Buffett errs, most fundamentally, by focusing on outcomes rather than policies. The right question is which policies promote differences in incomes that reflect hard work, energy, innovation and creativity, rather than reward the unethical, the politically connected and the tax-savvy.


In economics, as in sports, we should adopt good rules and insist that everyone play by them. Then we should stand back and applaud the winners.
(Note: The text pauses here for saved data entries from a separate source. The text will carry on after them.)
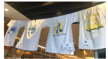
「WE LOVE 高知」

高知県内で開催されている「志国高知 幕末維新博」と連動し、4月の県立坂本龍馬記念館のオープンに合わせて「やっぱり龍馬が好き！」と題し、香南市にある「アクトランド」プロデュースのパネルを2階レストランの壁に設置し、物販では龍馬グッズの特設販売を行いました。
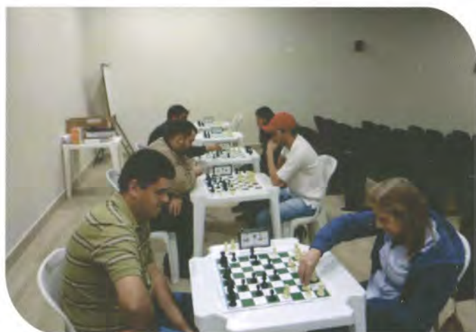
Colaboradores da COOMAP durante aula prática de xadrez.

Entre elas, está o poder de concentração e raciocínio lógico, a criação de estratégias para propor soluções inovadoras, a iniciativa para a tomada de decisões e a persistência.
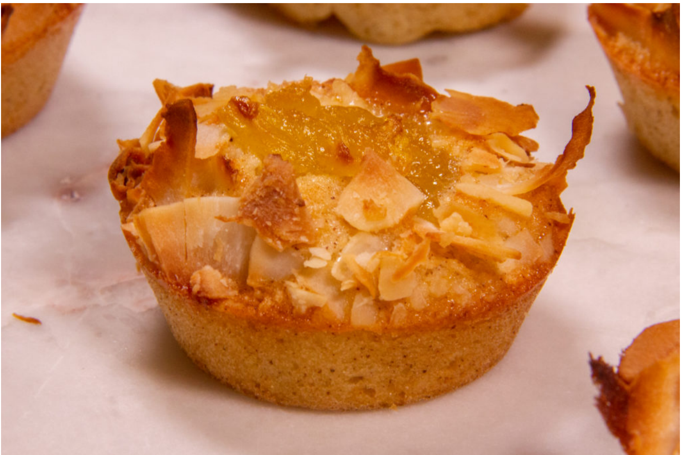
Financiers ananas confit et coco

Le financier est une pâtisserie ultra facile à réaliser en peu de temps et ne demande aucun savoir ou technique particulière. Il est moelleux et savoureux ... Vous avez envie de vous régaler? Alors vite à vos fourneaux!
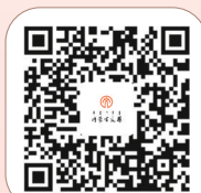
《内蒙古文艺》客户端

一首沧浪的诗,就可以化艰难为坦途;如橡的巨手,就可以描绘当年,金戈铁马,气吞万里如虎。
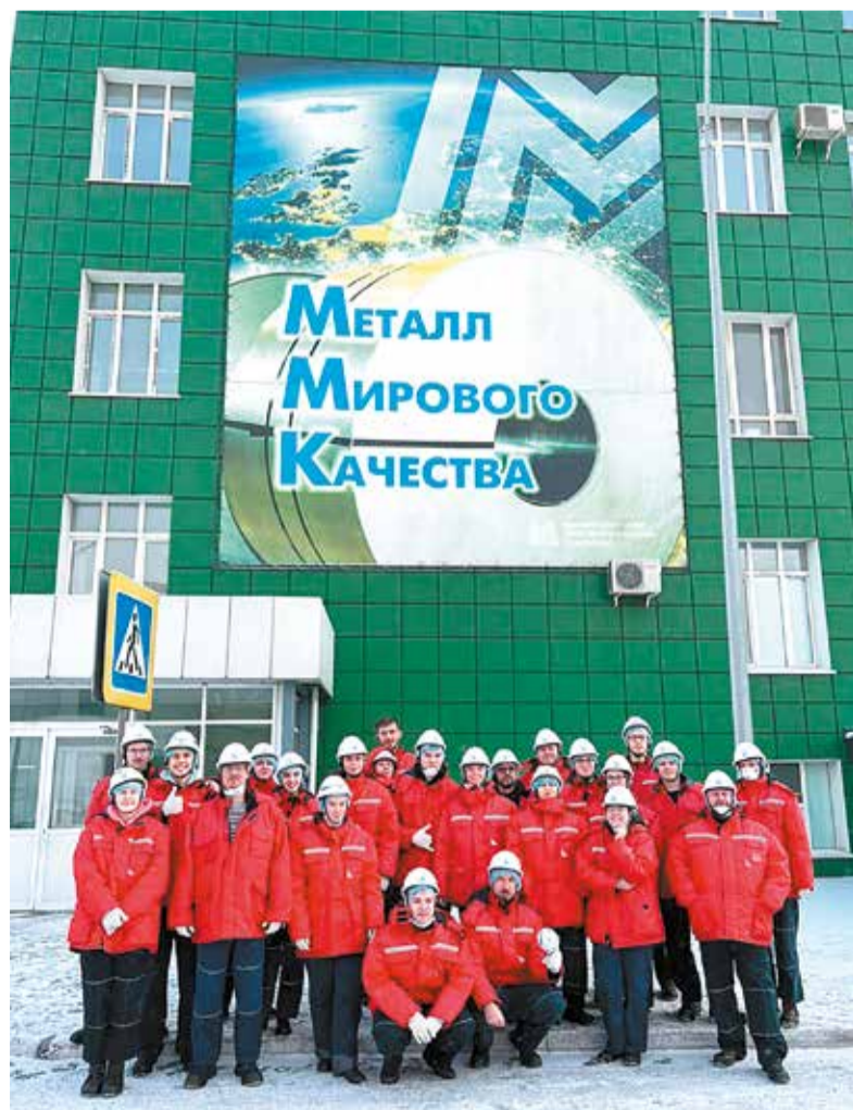
Экскурсия на Магнитогорский металлургический комбинат

Р. S. Все участники выражают благодарность кафедре гидрологии суши за организацию интересных полевых исследований.
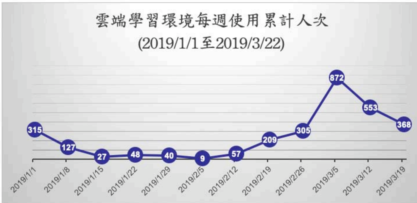
雲端學習環境每週使用累計人次 (2019/1/1至2019/3/22)
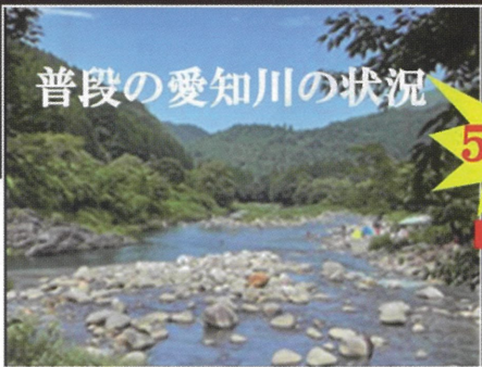
普段の愛知川の状況

今年の8月に局所的な大雨により愛知川及び神崎川が急激に増水し愛知川では親子3名が中州に取り残され、神崎川ではシャワークライミングをしていた50名が中州に取り残される水難事故が発生しました。その翌月にはキャンプ場に来ていた男女2名が河川に流される事故が発生しており、十分な注意が必要です。
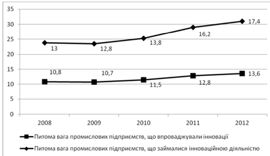
Рис. 3. Динаміка питомої ваги промислових підприємств, що займаються інноваційною діяльністю та впроваджували інновації
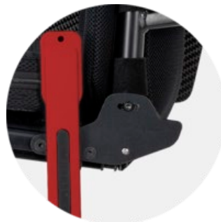
Selkätuen kulman säätömahdollisuus ja taittomekanismi lukituk-sella.
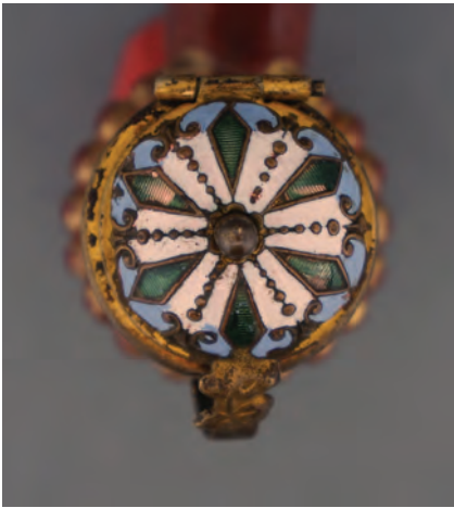
Afb. 4. Geëmailleerd deksel met geometrische patronen op een Tophane pijp gemaakt door Hasan. Deksel gemerkt 'JH'. (collectie auteur, AH-1006)
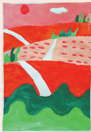
小记者：刘顺 证号：211160 周口实验小学二（1）班

本栏目刊发小记者的书法、绘画、摄影等作品。小记者们如果有这些爱好，快快行动起来吧！作品完成后，请用相机拍下并发送到zkwbxjz@126.com。
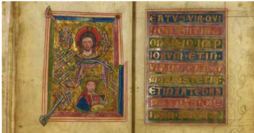
Na snímku jeden z unikátů Archivu města Plzně Osecký žaltář.
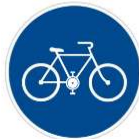
C8a-stezka pro cyklisty
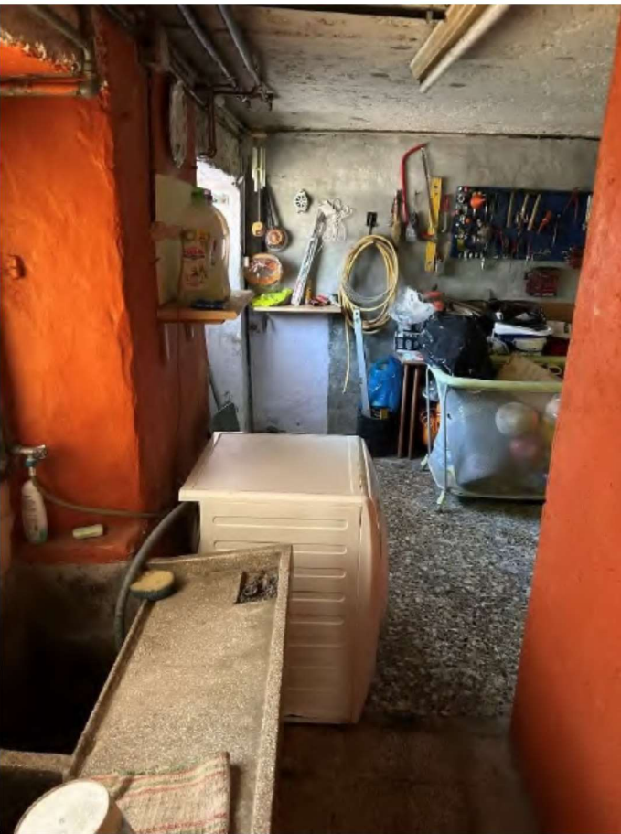
16 locale piano terra
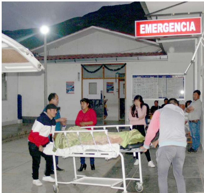
Heridos fueron evacuados al hospital de contingencia del Hermilio Valdizán

de la tarde ocurrió el accidente de tránsito que dejó a 4 miembros de una familia herida
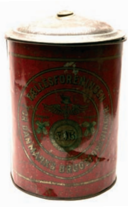
Kaffedåse fra Højsted Købmandshandel, Sjælland. Fabriksfremstillede varer vandt frem i slutningen af 1800-tallet, og det egnstypiske præg på genstandene mindskedes.

Den Fynske Landsby har som et ufravigeligt princip, at de genstande, der tages ind, udstilles og arbejdes med, skal have deres oprindelse et sted i den fynske region. Proveniensprincippet er det, der sikrer, at ikke alle landets landbrugsmuseer har præcis den samme genstandsmasse, men derimod vægter det lokale og regionale islæt. I Landsbyens nye udstilling er der dog flere ting, der stammer fra andre dele af landet end Fyn. Eksempelvis er der udstillet en kaffedåse og en sirupskande til belysning af brugsforeningernes opkomst efter næringsfrihedsloven i 1857. Kaffedåsen er fra Højsted Købmandshandel mellem Holbæk og Kalundborg, mens kanden stammer fra Allindelille Brugs nord for Ringsted. Når disse genstande alligevel har fundet vej til Den Fynske Landsby, skyldes det, at sager som disse var typiske i enhver brugsforening over hele landet i slutningen af 1800-tallet. Det er en pointe i sig selv, at det egnstypiske præg på mange genstande bliver mindre, efterhånden som fabriksfremstillede varer bliver mere og mere almindelige. Man kunne ikke se forskel på en kaffedåse fra Højsted og en fra Højby!
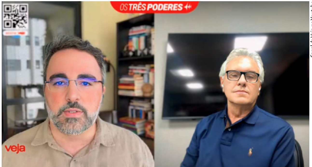
Ronaldo Caiado em entrevista ao programa Os Três Poderes, da Veja: "Cabe aos estados definir a sua política de segurança pública"

"Em Goiás a segurança é plena, dentro dos moldes que estipulamos, e temos a polícia mais eficiente do país. Por que vou mudar, se a política e o modelo que implantamos em Goiás é que deveriam ser copiados pelo governo federal?", questionou. Para o governador, a iniciativa é equivocada. "É um erro, e o governo insiste
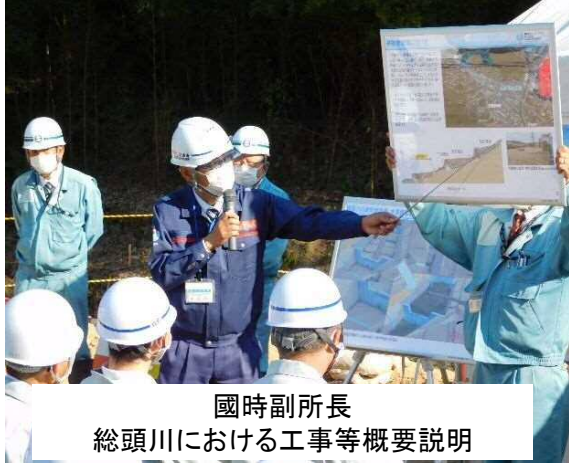
國時副所長 総頭川における工事等概要説明
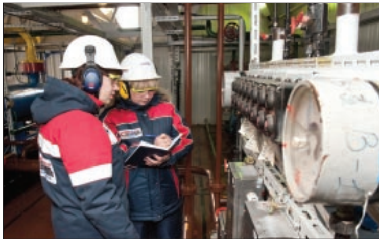
За 2011 г. в ОАО «СН-МНГ» проведено 475 аудиторских проверок

В течение 2011 года в ОАО «СН-МНГ» велась усиленная профилактическая работа, направленная на предупреждение травматизма, аварий и пожаров. Свыше 3,5 тысячи работников предприятия прошли обучение в области охраны труда, промышленной, пожарной и экологической безопасности в специальных обучающих организациях и учебных центрах.
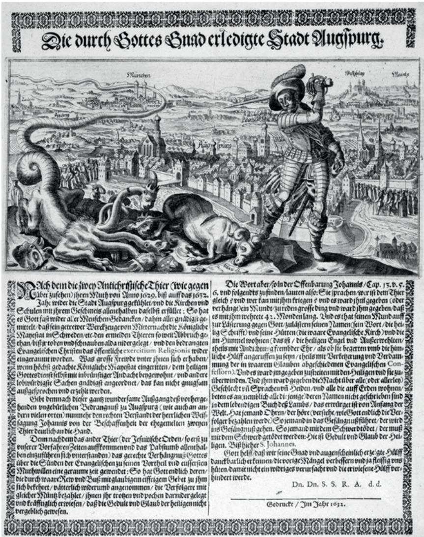
Abb. 3: Gustav II. Adolf, König von Schweden, vernichtet nach seinem siegreichen Kriegs- und Glaubensfeldzug die „papistische Abgötterei“ in Augsburg. Kupferstich: Die durch Gottes Gnad erledigte Stadt , 1632.
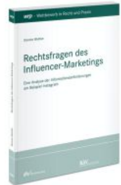
Rechtsfragen des Influencer-Marketings Ladenpreis: 91,50EUR
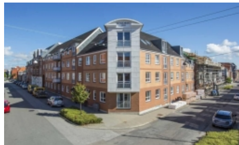
Finsensgade 7, 6700 Esbjerg.

23 Familieboliger opført som etagebyggeri.
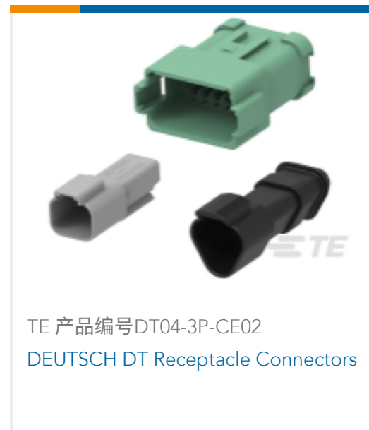
TE 产品编号DT04-3P-CE02 DEUTSCH DT Receptacle Connectors
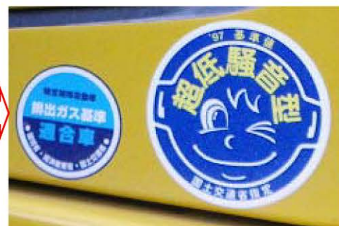
排ガス対策型・低騒音型建設機械
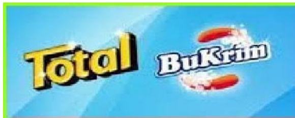
Gambar 2. 1 Logo PT Total Chemindo Loka

PT Total Chemindo Loka merupakan perusahaan yang bergerak dalam penjualan produk-produk hygiene , khususnya dalam bidang deterjen. Perusahaan ini diberi tanggung jawab untuk memproduksi dua produk deterjen baju yaitu BuKrim dan Total. Brand Total sudah berdiri sejak tahun 1985, pada saat itu, Total merupakan brand lokal pertama deterjen pencuci baju yang hadir di Indonesia. Namun seiring dengan berjalannya waktu, brand Total mengalami beberapa masalah, sehingga pada tahun 2005, brand tersebut diambil alih oleh manajemen baru dan dirubah namanya menjadi PT Total Chemindo Loka. Ditahun yang sama juga, BuKrim memutuskan untuk mengakuisisi PT Total Chemindo Loka, sehingga sampai saat ini PT tersebut memiliki dua brand dibawah naungan, yaitu Total dan BuKrim.
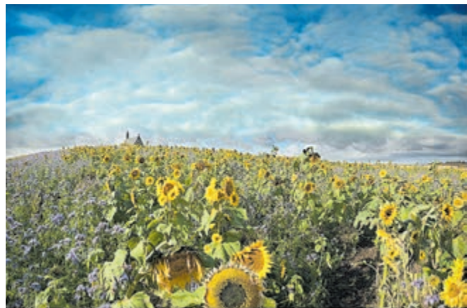
Werk van Chris Timmers.

De Nature Art Fair is zaterdag 18 en zondag 19 mei, beide dagen van 11 - 18 uur. Entree is € 10,- p.p. (online voorverkoop € 7,50) en is inclusief museumtoegang. Jeugd t/m 14 jaar gratis entree. Het adres van het museum is Kudelstaartseweg 1 in Aalsmeer (tegenover de watertoren). Meer informatie: www.natureartfair.nl .
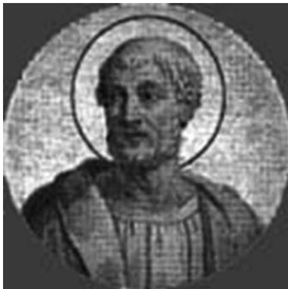
Іл. 1. Святий великомученик папа Климент

За іншими даними Климент народився у 30 р. і помер мученицькою смертю у 92 р. Деякі дослідники заперечують
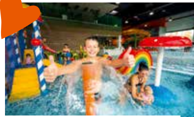
Siguldas Sporta centrs

Ģimenes ar bērniem iepriecinās Ūdens atrakciju parks. Parkā ir pieejams bērnu ūdens atrakciju baseins ar slidkalniņiem un ūdenskritumu, kuru iecienījuši vecāki ar mazākajiem bērniem, kā arī ūdens slidreņus un kaskādes.
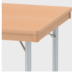
Optional mit zurückgesetzter Massivholzzarge
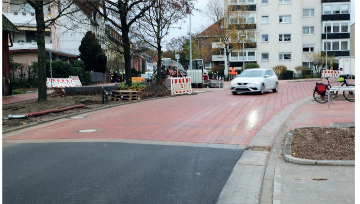
Ende November wurden die letzten Bauarbeiten an der Einmündung zur Obentrautstraße vorgenommen. Die Weizenfeldstraße war bereits fertiggestellt worden. Rote Aufpflasterungen erhöhen an manchen Stellen die Aufmerksamkeit.

Die Grunderneuerung ist das letzte große Projekt, das im Rahmen des Programms „Sozialer Zusammenhalt“ im Sanierungsgebiet Stöcken realisiert wurde. Die Kosten beliefen sich auf rund sechs Millionen Euro und wurden zum Großteil durch öffentliche Fördermittel des Bundes und des Landes Niedersachsen gedeckt.
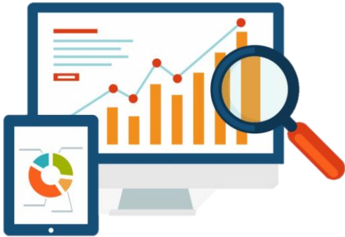
หลักสูตรคอมพิวเตอร์พื้นฐาน
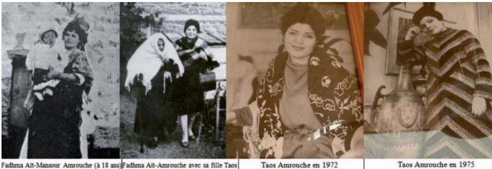
Fadhma Ait-Mansour Amrouche (à 18 ans) / Fadhma Ait-Amrouche avec sa fille Taos / Taos Amrouche en 1972 / Taos Amrouche en 1975

Naître sans raison et mourir pour une raison. Sa mort n'est que physique, et son âme éternelle est une substitution aux valeurs manquantes face aux altérations tous genres. La figure réelle dans celle imaginaire. Le concret succédant à la théorie.
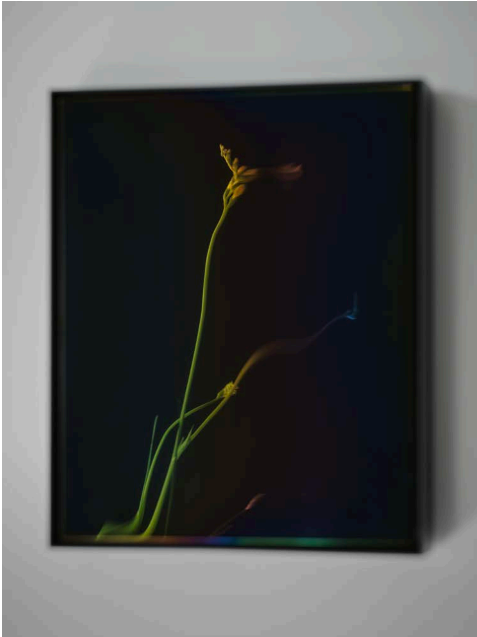
Teruhiro Yanagihara Studio : Studies on Black #0 Imperfection 274W x 334H x 50D mm, 1kg, stainless steel coil t=0.4mm and stainless steel

Title : Studies on Black (#0 Imperfection #1 Unprocessed #2 Concave #3 Convex #4 Bent #5 Struck) Designer : Teruhiro Yanagihara Studio
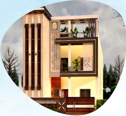
HARIDEVPUR 2 KATHA - INDIVIDUAL PLOT
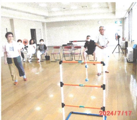
写真左；ラダーゲッターゲーム
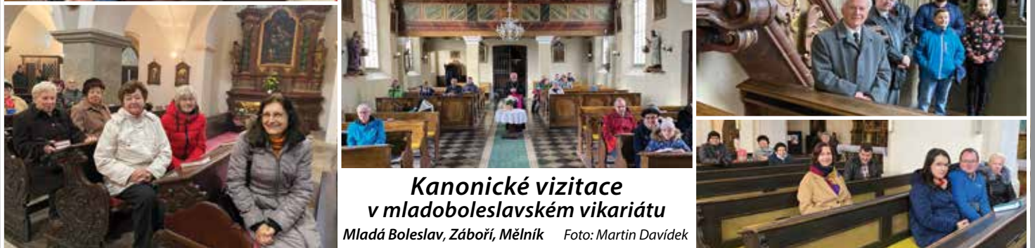
Kanonické vizitace v mladoboleslavském vikariátu Mladá Boleslav, Záboří, Mělník
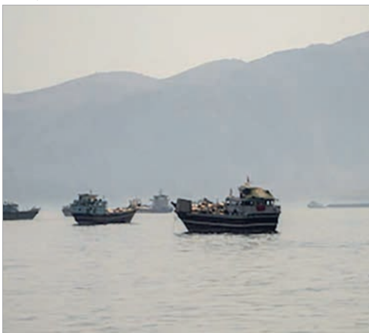
El estrecho de Ormuz vuelve a convertirse el centro de disputa

Teherán anunció la suspensión del tránsito marítimo por una de las rutas energéticas más importantes del mundo, luego de denunciar incumplimientos del alto el fuego y nuevas operaciones militares en el sur del Líbano
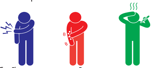
ឈឺ/ឡើងក្រហម កន្ទួលបន្តិចបន្តួច គ្រុនស្រាល

មនុស្សខ្លះក៏មានប្រតិកម្មបន្ទាប់បន្សំអាក្រក់ បន្ទាប់ពីគេបានចាក់ថ្នាំបង្ការ។ ភាគច្រើននៃពេល វានឹងកើតឡើងក្នុងពេលពីរបីនាទី ឬពីរម៉ោងបន្ទាប់ពីបានចាក់ថ្នាំបង្ការ។
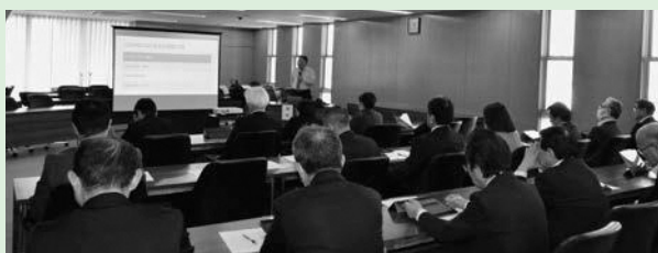
▲ハラスメントを許さない議会に

また、近年の問題としてSNSでの炎上や名誉棄損などの侵害行為、ハラスメントとなる事例などについて、実例の紹介も含めて解説が行われました。首長や議員などによるハラスメントの問題は、新聞等で取り上げられていることもあり、当事者のみならず組織の信頼も大きく損ねる重大な事案になることを改めて理解しました。今後もお一層クリアな議会づくりを目指すことを再確認しました。
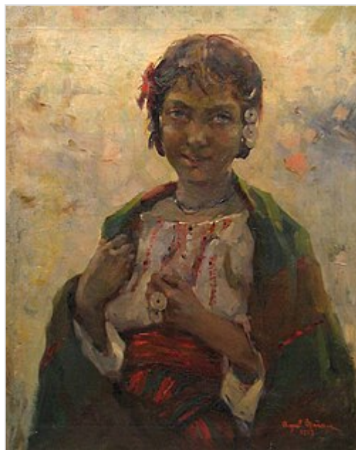
Gitane , Aurel Băeșu ( en ), Roumanie, 1919

Elle est également appelée en castillan romaní español . Langue indo-européenne , fortement influencée par les langues romanes mais aussi le basque , elle comprend de nombreux dialectes : caló español , calão português (portugais), caló catalán , caló vasco ou erromintxela (basque), caló occitan (quasiment éteint, extrême sud de la France), et le calão brasileiro (brésilien).
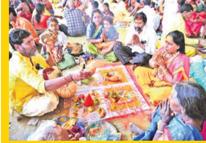
ఒగ్గు పూజారులతో పట్టుం వేయించి మొక్కు చెల్లించుకుంటున్న భక్తులు
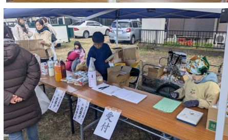
写真: 受付を用意し、来ていただいた方へお菓子やお土産をお渡ししています

...I just need one last nail

KuroiKetsunoHana

Quote from: BridgeTroll on August 19, 2011, 04:11:34 PM
OK... how much money would one have to make to qualify for a 1 mill house?  Payments would be about 6k for a 30 year at 6%.  What is the yearly or monthly income to qualify?
honestly, you've got me there.  i don't know what i was getting at was let's look at expensive, ostentatious items, look at the people who have them (as they obviously have the money to do what they damn well please), and look at what their income is.  if i knew how much money the people who buy million-dollar houses actually have, i would've simply posted that figure.  i'd also probably cry.
天の下の慈悲はありません。

KuroiKetsunoHana

QuoteIn economics, as in sports, we should adopt good rules and insist that everyone play by them. Then we should stand back and applaud the winners.
seriously?  someöne actually believes that we should treat what determines whether or not people can afford food and shelter as a game?  that's the most disgusting thing i've heard all year--and i've been subjected to lady gaga songs.
天の下の慈悲はありません。

BridgeTroll

Quote from: BridgeTroll on August 19, 2011, 04:11:34 PM
Quote from: KuroiKetsunoHana on August 19, 2011, 03:52:46 PM
Quote from: NotNow on August 19, 2011, 03:31:33 PM
Define "high income" and "high wealth" persons that you want to tax.  Then explain what the tax scheme is for those definitions and how much revenue it will generate to the Federal government.  Will that make up the $1.5 Trillion dollar deficit? 
we've been basing a ridiculously large part ov our economy on homes, right?  so let's start with people who own $1,000,000.00+ homes--basically, people who consider what most ov us call luxuries to be necessities.

regarding your comment about 'nanny states', what's so terrible about wanting a government that already tells us what to do (and will always do so, regardless ov what the mad tea party would have us believe) do a bit towards taking care ov us, too?  how can a government that does nothing for us expect our loyalty?

OK... how much money would one have to make to qualify for a 1 mill house?  Payments would be about 6k for a 30 year at 6%.  What is the yearly or monthly income to qualify?

There are alot of variables but such a person could qualify to buy a million dollar house and only make 250k per year.  Are these the "rich" and "ultra wealthy" we keep hearing about?
In a boat at sea one of the men began to bore a hole in the bottom of the boat. On being remonstrating with, he answered, "I am only boring under my own seat." "Yes," said his companions, "but when the sea rushes in we shall all be drowned with you."

BridgeTroll

Quote from: KuroiKetsunoHana on August 19, 2011, 04:31:09 PM
Quote from: BridgeTroll on August 19, 2011, 04:11:34 PM
OK... how much money would one have to make to qualify for a 1 mill house?  Payments would be about 6k for a 30 year at 6%.  What is the yearly or monthly income to qualify?
honestly, you've got me there.  i don't know what i was getting at was let's look at expensive, ostentatious items, look at the people who have them (as they obviously have the money to do what they damn well please), and look at what their income is.  if i knew how much money the people who buy million-dollar houses actually have, i would've simply posted that figure.  i'd also probably cry.

This is good.  This is exactly what should be part of the discussion.  There are many here who simply want to know what is meant by "rich" or "ultra wealthy".  Are we talking some one who makes 1 mill per year? 2 mill?  If we are going to tax the rich... I want to know what that threshhold is.  Let us all agree on a definition and use it in these discussions.
In a boat at sea one of the men began to bore a hole in the bottom of the boat. On being remonstrating with, he answered, "I am only boring under my own seat." "Yes," said his companions, "but when the sea rushes in we shall all be drowned with you."